Peter Sarsgaard is a marvelous choice to play a cool obsessive who seems, at time, both blissfully above validation and desperate for it. In spite of his handsome, regular features, Sargaard’s gift for uncanny stillness helps him play creepy. Sarsgaard’s Lucian has the unintended capacity of reassuring other characters, but making then even more uncomfortable.
Rashida Jones plays Ellen, a Lucian client who is not just garden-variety neurotic, but has been so rocked by a tragedy that she remains profoundly unsettled. Jones is so talented as a comic actress, a voice artist, a documentarian and the writer of that rarest of things, a smart romantic comedy (Celeste and Jess Forever). Here, she shows her dramatic chops with a character who starts the movie adrift, but grows able to offer emotional safe harbor.
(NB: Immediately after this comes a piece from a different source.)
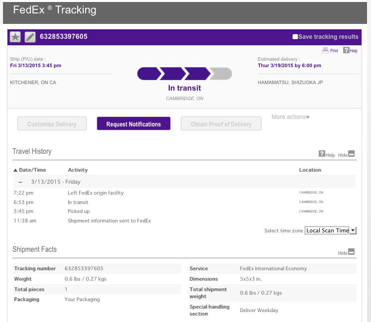 ・・・さすがである(^_^)。 まだ研究費(旅費枠以外)に余裕があったので、とりあえず駄目モトで、SUACの出入り業者(商社)に、このMyoを2台、発注するメイルを出したが、まぁ今期のうちに入ることは期待していなかった。 ところがなんと即答で業者からメイルがあり、他の企業から依頼されて予約していたMyoが1個だけなら手元にあり、もう1個については3ヶ月か半年かかるが・・・という事だった。 ただし事前購入のプレミアで、価格は199ドルのMyoが46000円だという(^_^;)。 そこで迷わず「では1個だけ、今あるものを購入します」と返信すると、翌日、2月4日にはMyoが 研究室に届いてしまった
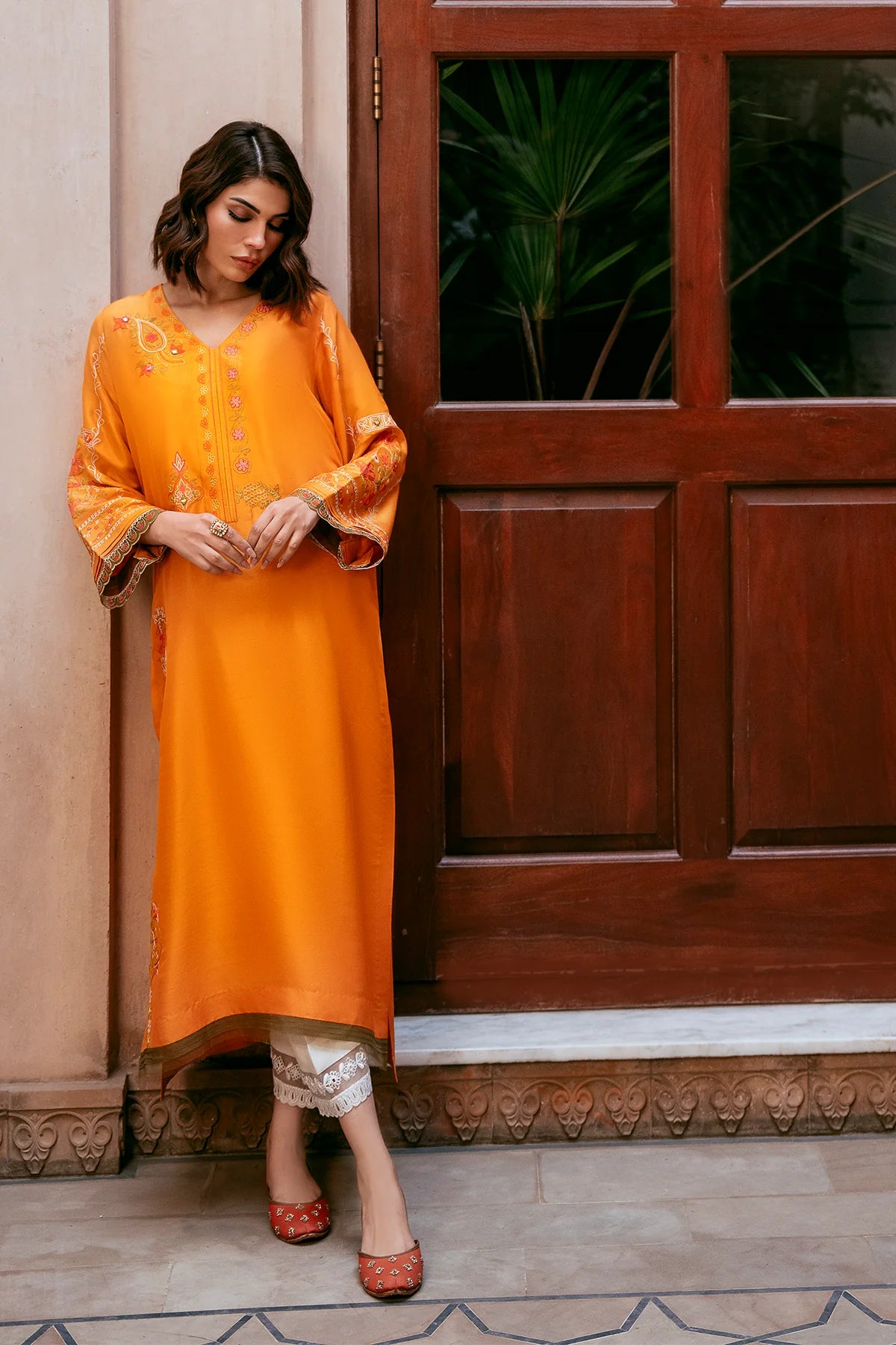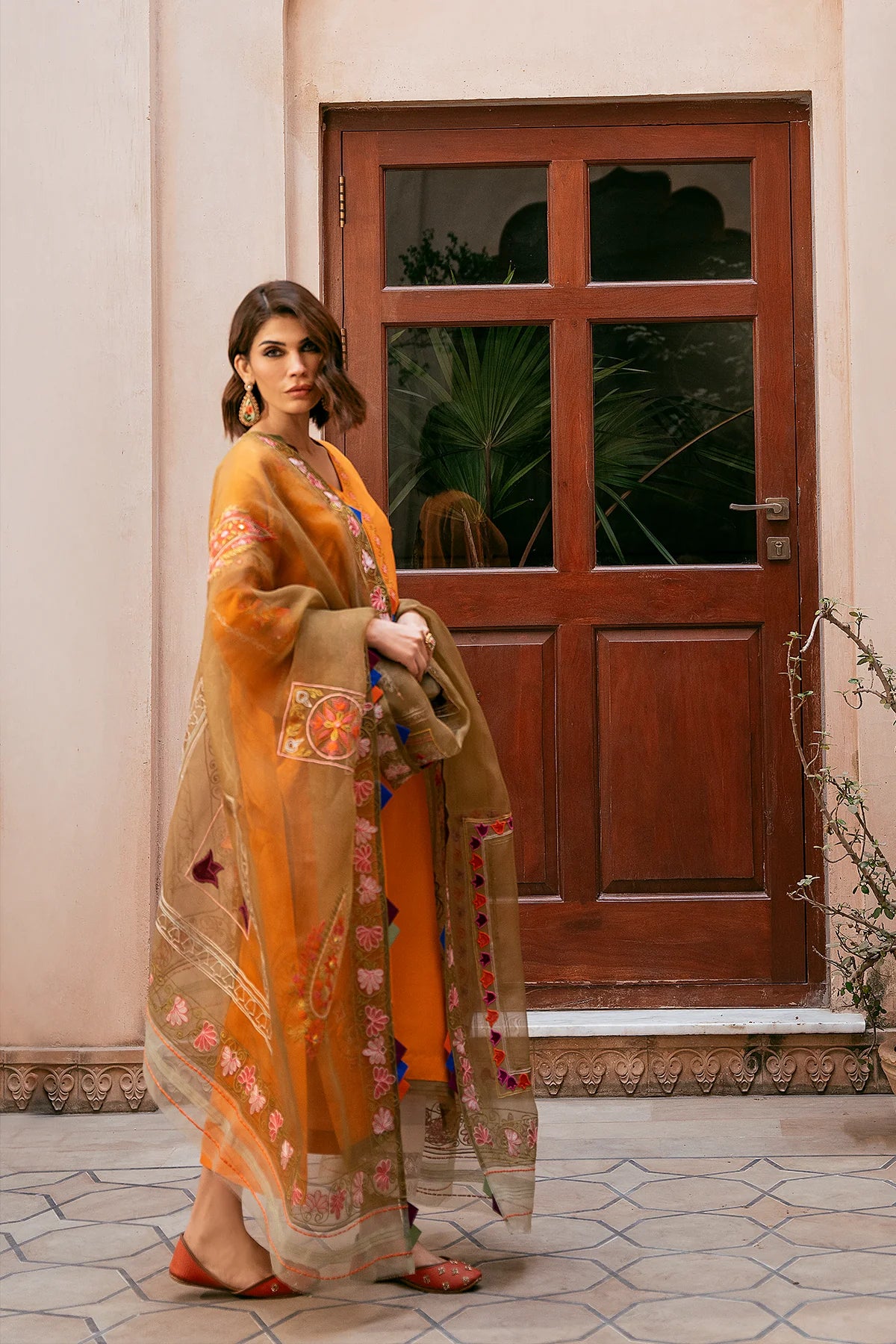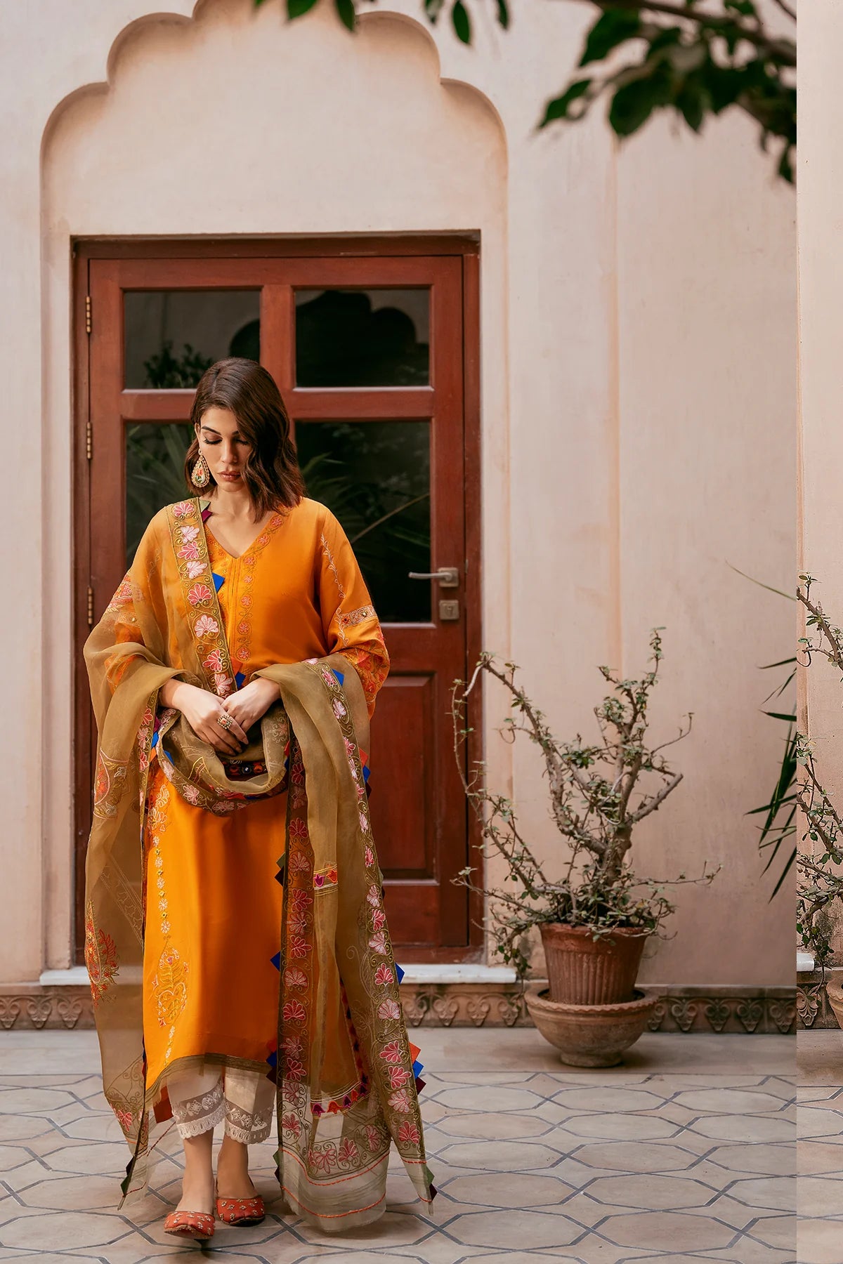 M I R H A , is a stunning piece with beautiful tailoring and flattering cuts, perfect for both brunches and dinners. The intricate embroidery adds an elegant touch, while the mirror work creates a captivating sparkle. Vibrant appliqués bring a lively pop of color, making this outfit a fabulous choice for the festive celebrations

There’s even a welcome appearance by Austin Pendleton as a Lucian mentor of uncertain reliability. I’ve loved Pendleton since his turn in 1972’s What’s Up, Doc?. (Come to think of it, that movie had a musicologist obsessed with the inherent tonal qualities of igneous rocks.)
The Sound of Silence is the first feature for director and co-writer Michael Tyburski, and it’s a promising debut. Despite using an understated color palette, Tyburski delivers some stirring cinema with his use of sound. As Lucian looks over the city early in the morning, we hear a few musical notes, and then a full orchestra tuning up as the city awakens into its workday. When Lucian takes Ellen for a drink, it is to the quietest possible venue – a club with a decibel level somewhere between a library and a morgue; afterwards, Lucian emerges into urban cacophony. When an academic treats him like a crackpot, we all hear ringing, not just Lucian.
As one would hope, the sound design of The Sound of Silence is remarkable, and the score works very well. The April 14 San Francisco International Film Festival (SFFILM Festival) screening is at the Dolby Cinema, which should be a real treat.
The Sound of Silence premiered at Sundance, has distribution through Sony Pictures, and screens twice at the 2019 SFFILM.